1-2 Party/One-Two Party - where an NPC/randomly generated automaton dancer, in a computer generated/AI voice, will say a number (either 4 [numpad 4 or left keyboard arrow], 6, [numpad 6 or right keyboard arrow], 8 [numpad 8 or up keyboard arrow], or 2 [numpad 2 or down keyboard arrow]), and/or, will shout a word, ("Go" [spacebar or the control key], or "Yeah" [numpad 0 or 5]) and players must input the commands in the same tempo/speed the NPC shouted the commands, or it will be counted as a mistake/miss. In Easy mode, the numbers to press are highlighted better for players. In hard mode, the numbers go away. Each round consists of a non gameplay related cutscene/interlude/intermission where players aren't instructed to enter any commands, and instead view a replay of the dance moves/commands they just entered.
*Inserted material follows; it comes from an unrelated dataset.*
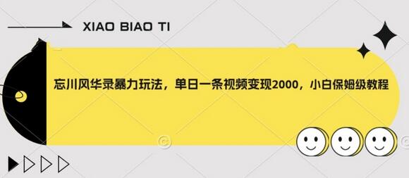 今天给大家带来的是我最近在做的忘川风华录暴力玩法,不需要有播放量,单日一条视频变现2000+,而且也不需要太多时间去制作作品,熟练以后几分钟就搞定,轻松过原创。此项目合法合规,大佬级别的玩法,月入过万不是梦。
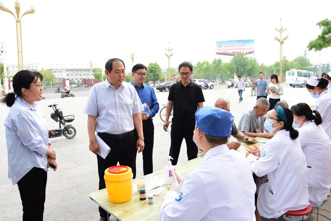 5月18日,在第34个“5·20”中国学生营养日到来之际,郸城县卫健委组织四大医健集团和县疾控中心在世纪广场举行中国学生营养日义诊宣传活动。郸城县卫健委副主任徐涛、李梦,县疾控中心主任张吉志、副主任陈玉峰到现场查看活动开展情况。

Beat Rush - where there are four ovals around the bottom of the screen with different keys. The user must press all of the keys at the precise beat in order to gain a "Perfect." Pressing all the keys at the correct beat will gain a Great, whilst pressing all keys at a bad beat or pressing a moderate number of keys at the correct beat will gain a Cool. Bads and Misses can be earned by pressing the fewest keys either at the correct beat or at the incorrect beat.

Beat Up - where individual keys come in six keys divided two different sides. Players must press each individual key at the correct beat to get a higher score. At 100 Combos and 400 Combos, a bonus score multiplier will be given.

Block Beat - where players team up and hit the three individual keys at the correct beat.

Boy's & Girl's - where boys and girls team up 2v2 or 3v3 in their respective genders and play the normal key mode in order to battle.

Couple Mode - where a boy and a girl must team up. Both characters will have the same move; however, their normal mode blue keys will be separated by random grey keys.

Club Dance I/II/III - where boys and girls team up to be couples for the game. I, II, and III each have their own unique quirks where players will generally provide each other with hearts, flowers, or gifts while switching between couple mode and normal mode.

Guitar Mode - where the individual notes come down and the player must hit the notes with the corresponding keys. The Guitar Controller can be bought in the Korean version or earned from events in the North American regions. However, the Guitar can be used throughout all servers. The Guitar Controller gives players an extra 20% EXP.

Rhythmholic - Players hear a series of sound effects (cats meowing, dogs barking, etc.) in the background of whichever song they chose. They must then in perfect timing, match the sound effects to the beat of a song. (With different sound effects having different key commands. For example, a cat meowing, players must press the left control key. A dog barking, players must press the right control key etc.) There is a cannon on top of the screen called the "Holic Gauge" which if a player gets every note in correct timing, the Gauge will fill to one hundred percent, and players will get extra EXP.

Shooting Stars - This mode plays similar to Beat-Up in which players strike notes when they move into their windows, but instead of a fixed two lanes, the notes are now all over the screen and it moves freely in many directions (an element similar to modern rhythm games like Osu!). There are three difficulty to choose from, with higher difficulty adding more notes to the screen and double-lanes that require players to press both Space Bar and notes at the same time.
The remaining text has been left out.